# Wollte einfach mal Danke sagen.



## Murenius (18. Dezember 2013)

Hi,

wie es der Titel schon verrät wollte ich einfach mal DANKE sagen für die (meiner Meinung nach) sehr gute und informative Arbeit die Ihr im Heft, auf der Webseite oder im Forum leistet.  Macht weiter so  Last euch nicht unterkriegen von irgendwelchen Kommentaren oder seltsamen Threads die hier geschrieben bzw eröffnet werden. (zu einem Bestimmten Thread schiel.)

Ich wünsche euch hier schonmal ein frohes Fest und einen guten Rutsch ins neue Jahr  wenn vllt. auch etwas früh


----------



## PCGH_Raff (18. Dezember 2013)

Danke für die Blümchen und dir ebenfalls feine Feiertage!  

Keine Sorge, wir machen weiter. 

MfG,
Raff


----------



## Murenius (18. Dezember 2013)

Danke
und will ich doch schwer hoffen


----------



## SaftSpalte (18. Dezember 2013)

Dir auch ,Danke !


----------



## eric-idle (19. Dezember 2013)

Murenius schrieb:


> Hi,
> 
> wie es der Titel schon verrät wollte ich einfach mal DANKE sagen für die (meiner Meinung nach) sehr gute und informative Arbeit die Ihr im Heft, auf der Webseite oder im Forum leistet.  Macht weiter so  Last euch nicht unterkriegen von irgendwelchen Kommentaren oder seltsamen Threads die hier geschrieben bzw eröffnet werden. (zu einem Bestimmten Thread schiel.)
> 
> Ich wünsche euch hier schonmal ein frohes Fest und einen guten Rutsch ins neue Jahr  wenn vllt. auch etwas früh



Dem würde ich mich gerne genau so anschließen.


----------



## PCGH_Thilo (19. Dezember 2013)

Der Morgen kann gar nicht besser starten, wenn man so einen Thread findet.


----------



## MehlstaubtheCat (19. Dezember 2013)

Das kann ich mir irgenwie vorstellen


----------



## Redbull0329 (19. Dezember 2013)

Danke Danke, ich bin auch wirklich stolz auf meine Arbeit hier 

Nein im Ernst, ich schließe mich dem Lob an, ihr seid meine Lieblingszeitung.

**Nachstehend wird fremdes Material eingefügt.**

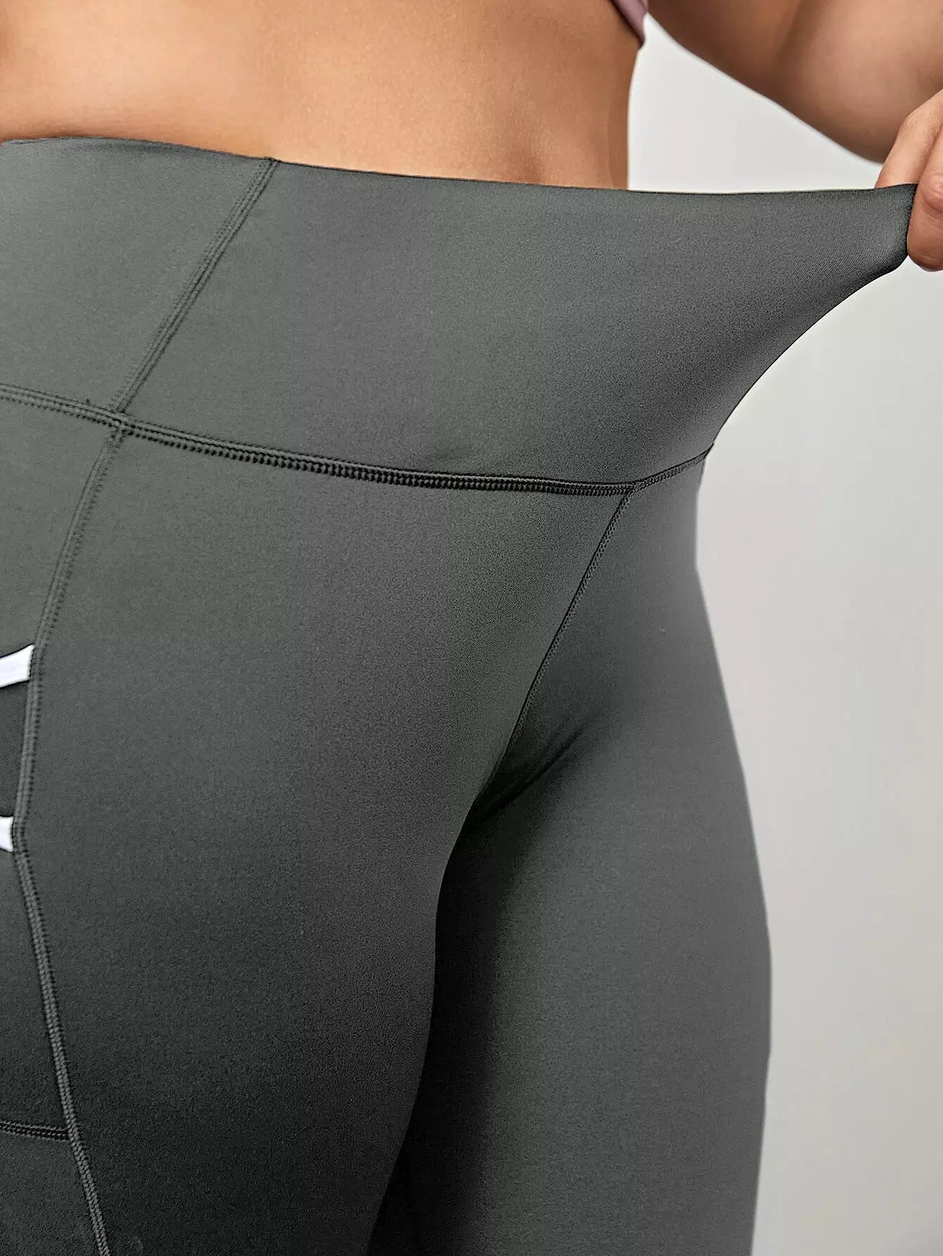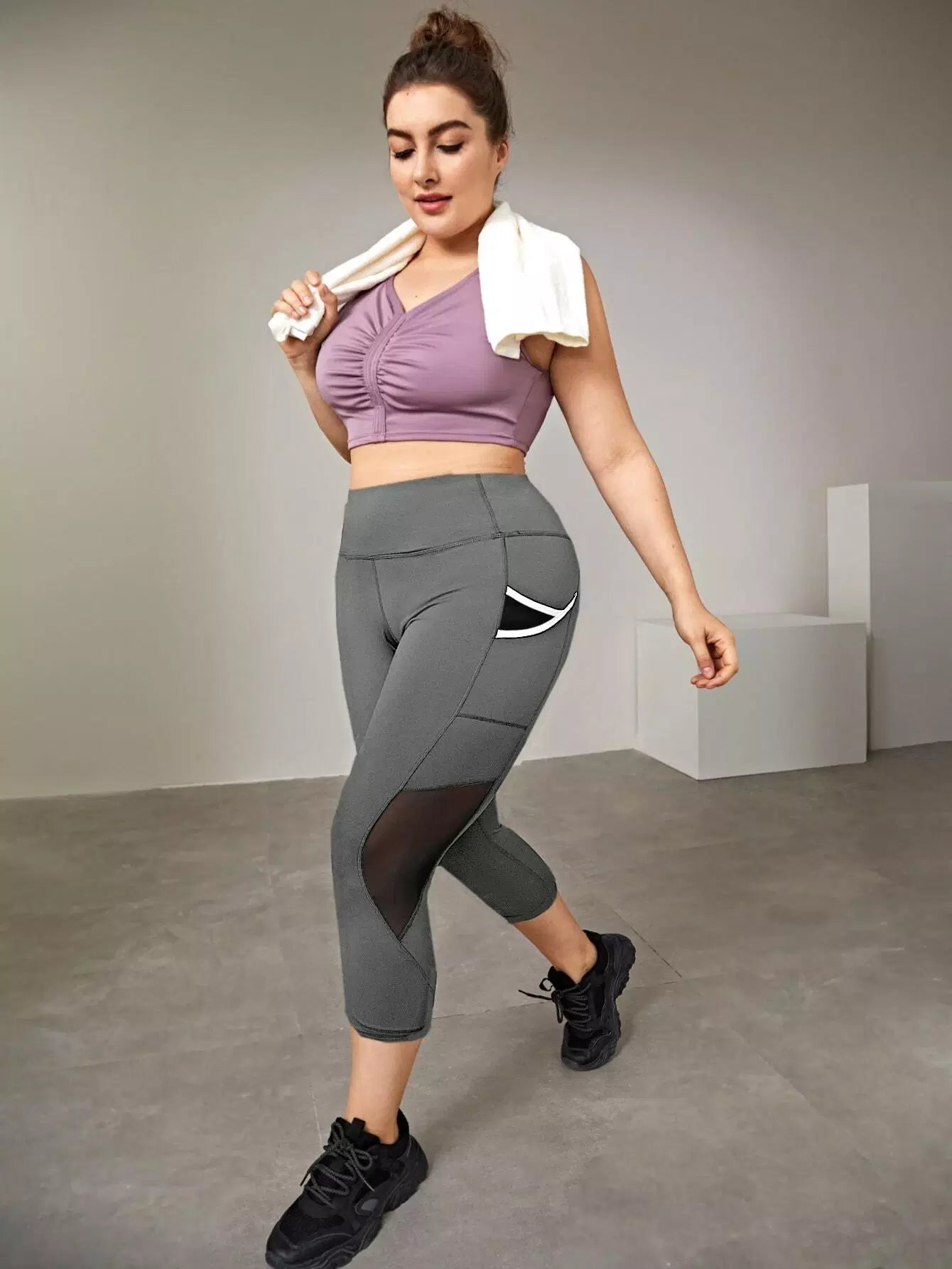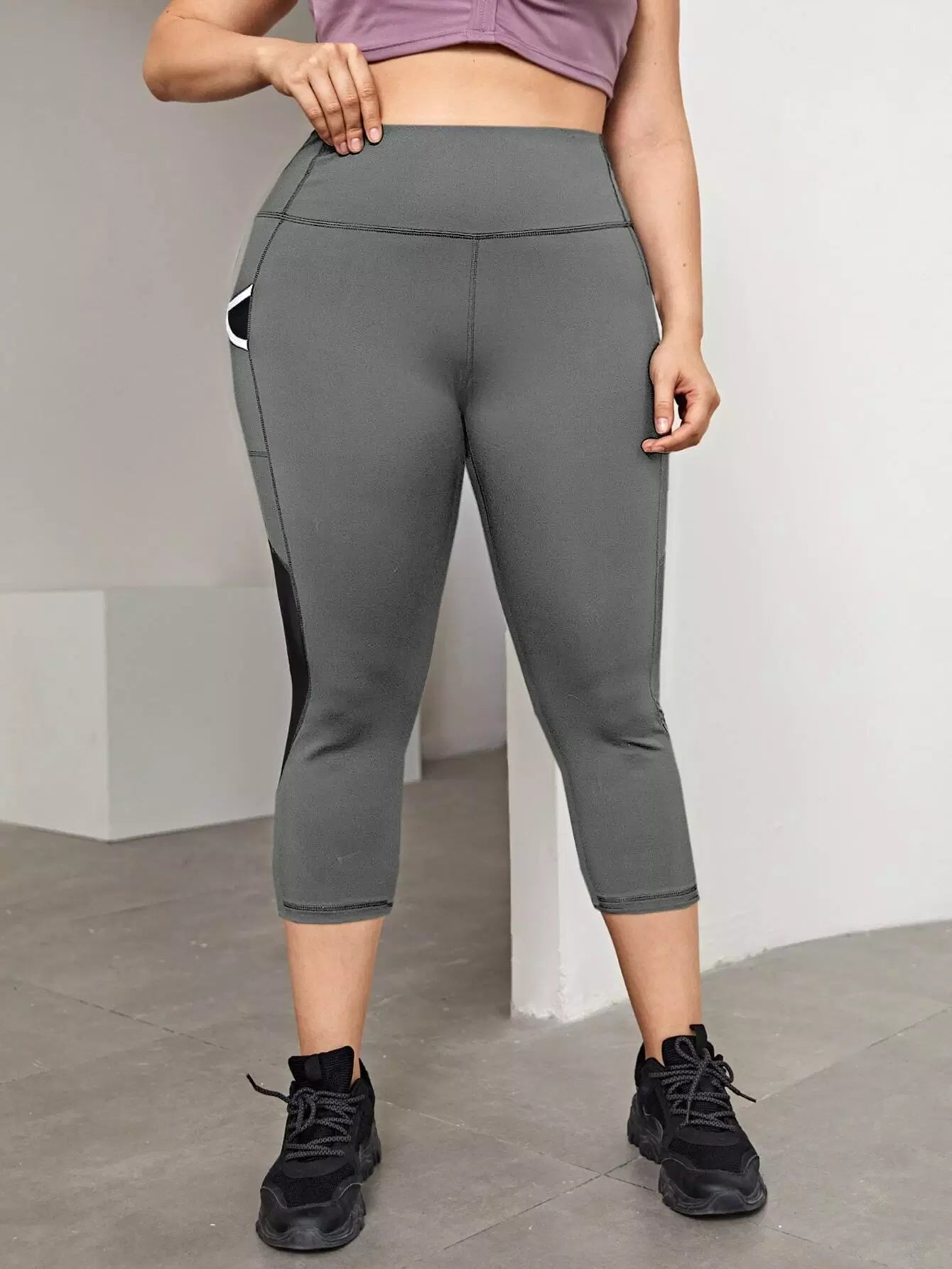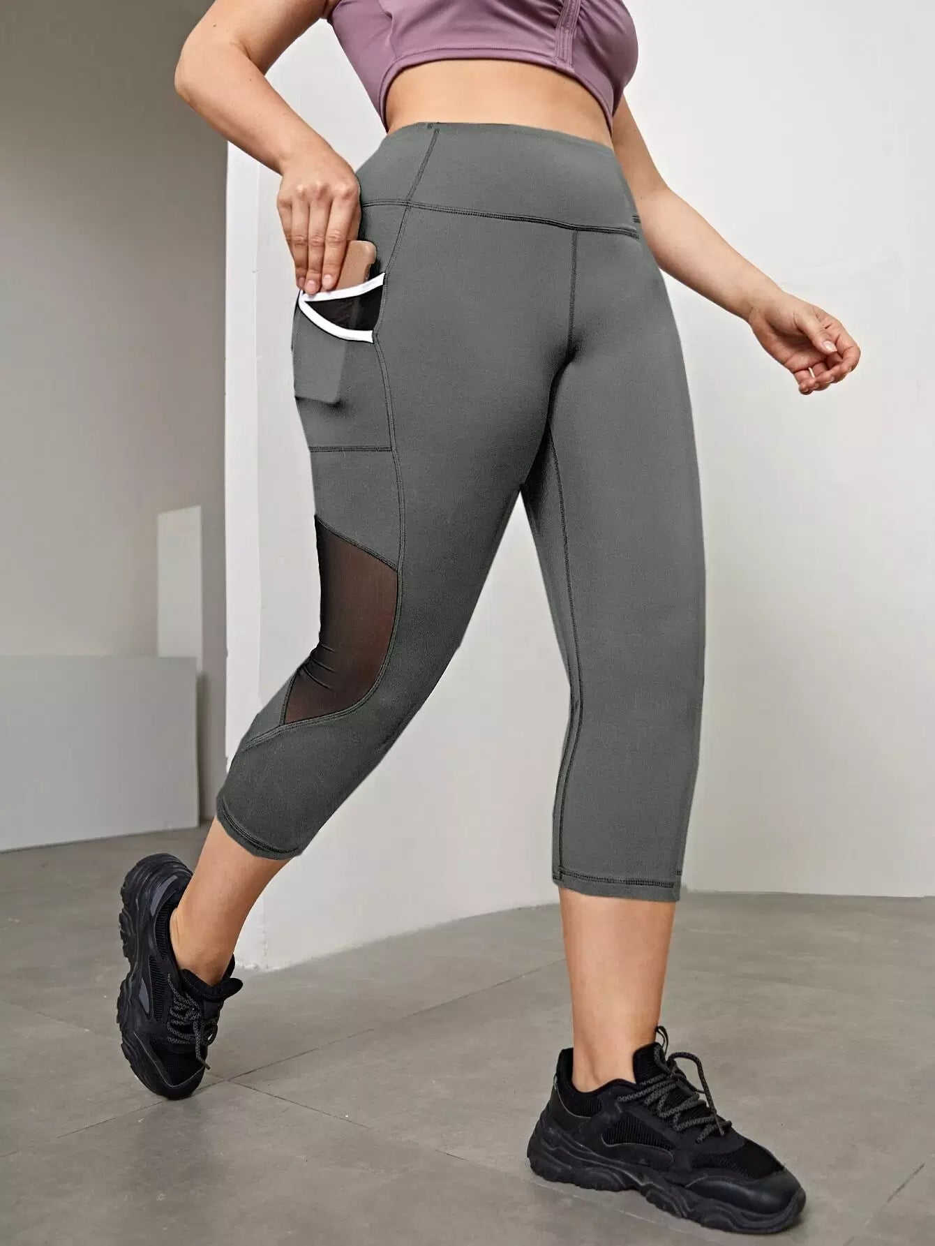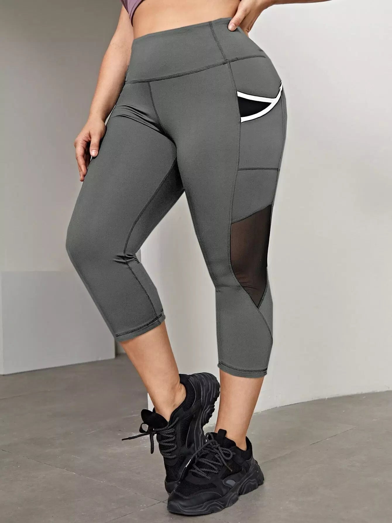 Plus Contrast Mesh Capris Leggings With Phone Pocket
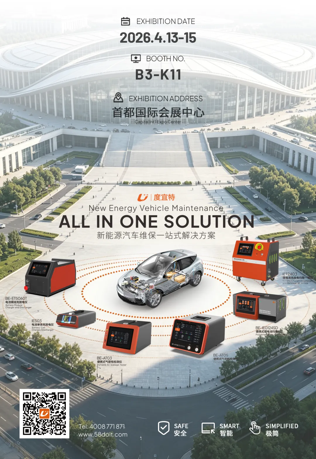 2026 年 4 月 13 日 - 15 日,AMR 中国国际汽车维修检测诊断设备、零部件及美容养护展览会将在首都国际会展中心盛大启幕。度宜特将携全系列新能源汽车维保核心设备重磅亮相,展位号B3-K11,诚邀各位行业伙伴莅临现场,共探新能源维保新机遇!
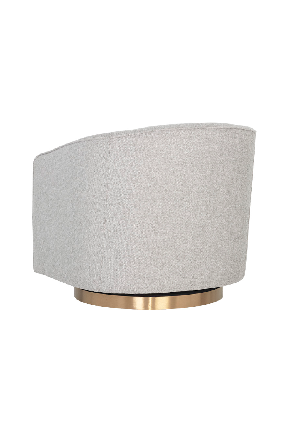 A stylish and comfortable swivel chair perfect for living, lounge and office spaces. Features a barrel back design upholstered in fabric. A brushed antique brass round base with 360 degree swivel completes the design.
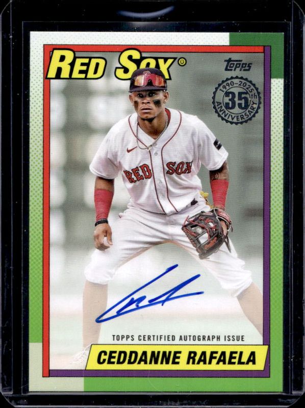The Ceddanne Rafaela 2025 Topps #90A-CED 1990 Baseball Autographs (Series 1) card is 1 of 119 Ceddanne Rafaela's card variations in the 2025 Topps set being tracked by Sports Card Investor, including Base, Aqua Holo Foil, Diamante Foil, Holo Foil, and Pink Diamante Foil.
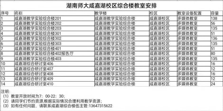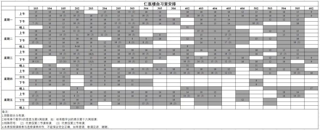 每栋楼正门墙面均贴有自习时间表,清楚的标记了在每天每时可用于自习的教室,方便同学们查阅。
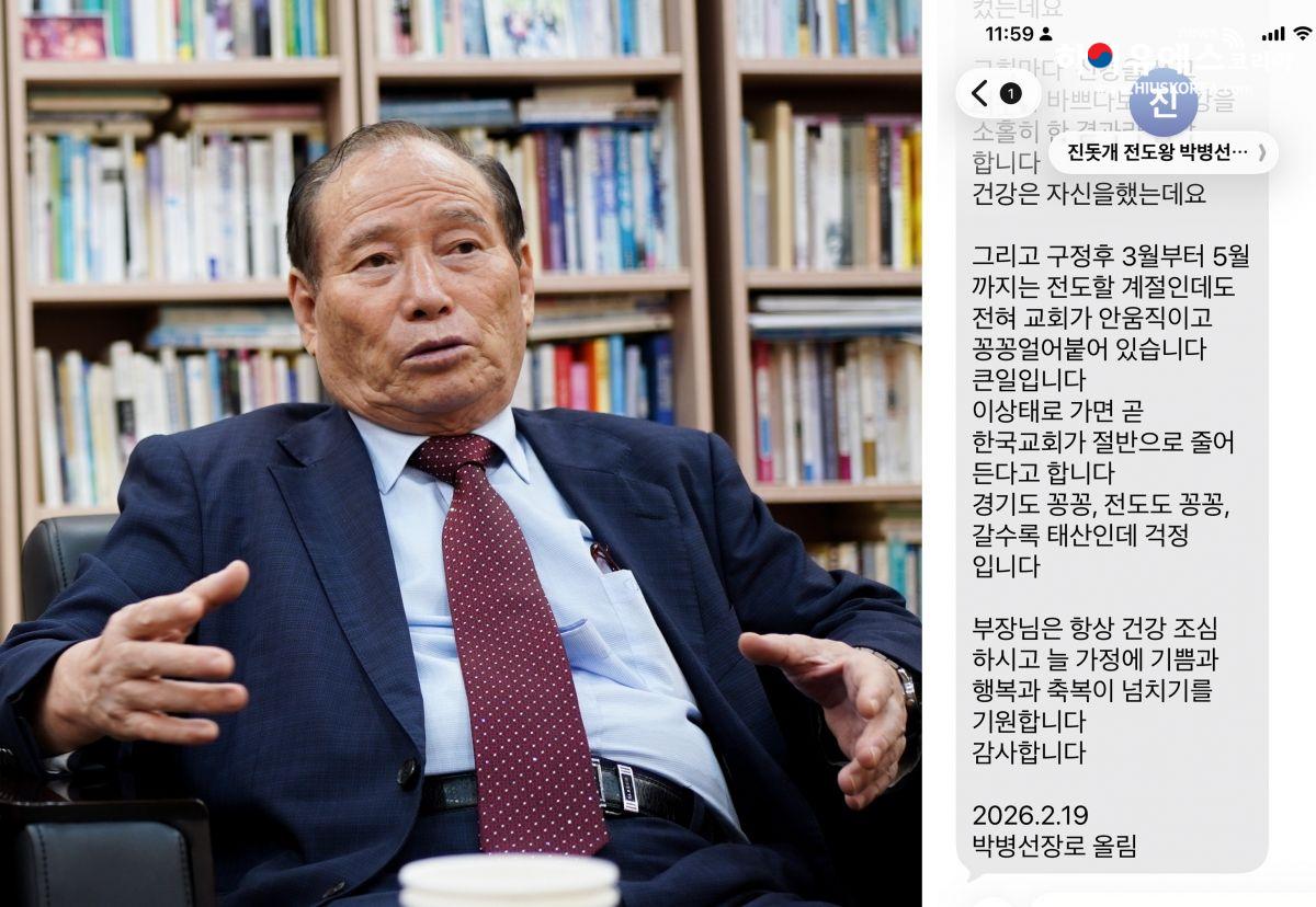 그러나 그의 시선은 곧 한국교회의 현실로 향했다. “3월부터 5월까지는 전도의 계절인데도 교회가 전혀 움직이지 않고 꽁꽁 얼어붙어 있다”며 “이대로 가면 한국교회가 절반으로 줄어들 수 있다”고 우려했다. 짧은 문자였지만 절박함이 묻어났다.
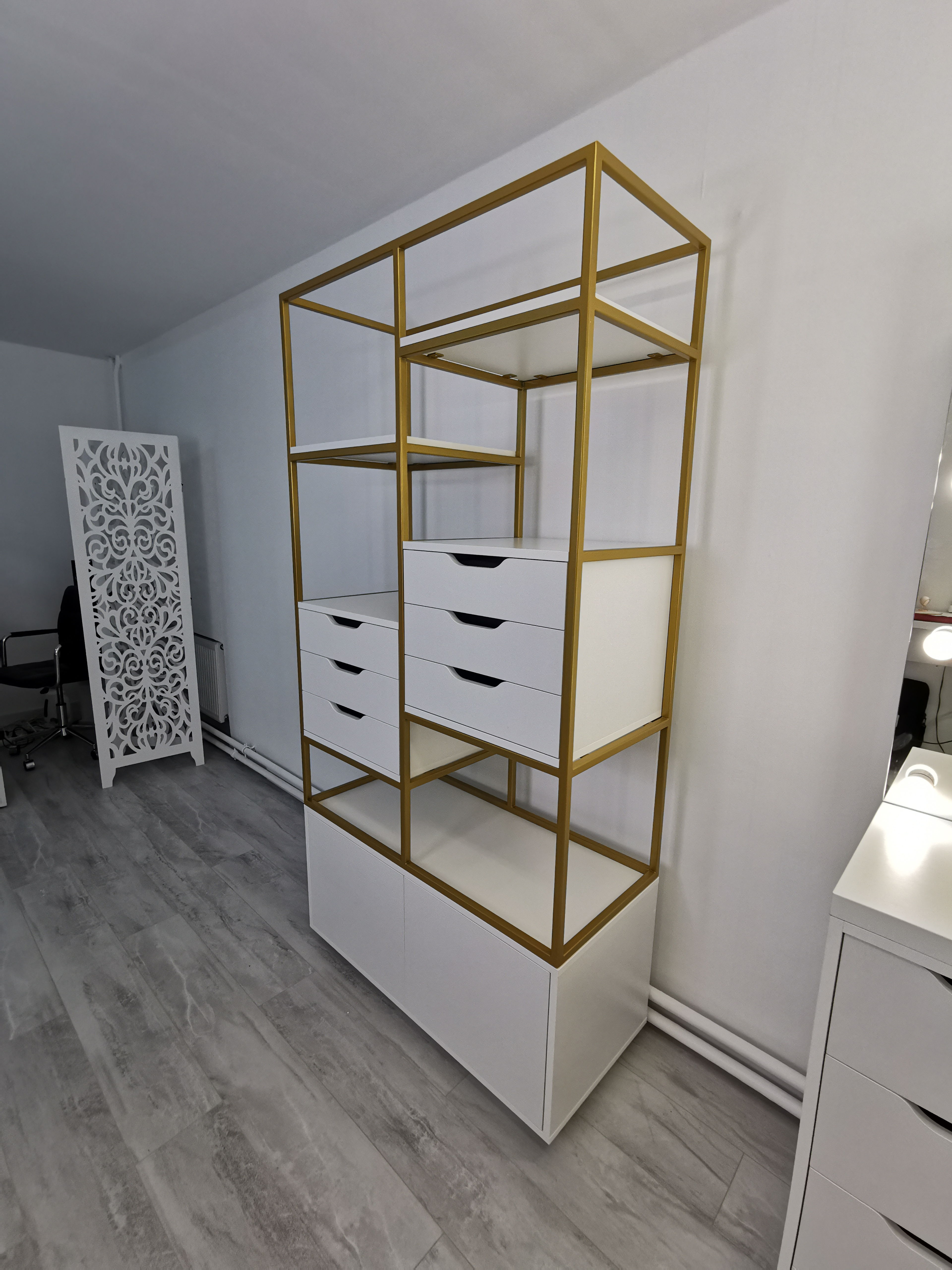 Стеллаж с выдвижными ящиками в бело-золотом цвете

Eure Gamingartikel kombiniert mit den Technikartikeln von Golem machen langweilige Vorlesungen/Arbeitstage erträglich


----------



## Scathach86 (19. Dezember 2013)

Ich bin jetzt einfach mal so dreist und schließe mich als Neuling dem ganzen an. Hab durch euch schon mehr gelernt, als in den letzten Jahren und das auch noch mit einem gewissen Unterhaltungswert kombiniert, einfach super


----------



## Razor2408 (19. Dezember 2013)

Ich wünsche dem gesamten PCGH-Team 

Thilo, Marco, Andreas, Tom, Philipp, Frank, Carsten, Daniel, Stephan, George und natürlich dem "Titan-Kollegen" Raff ()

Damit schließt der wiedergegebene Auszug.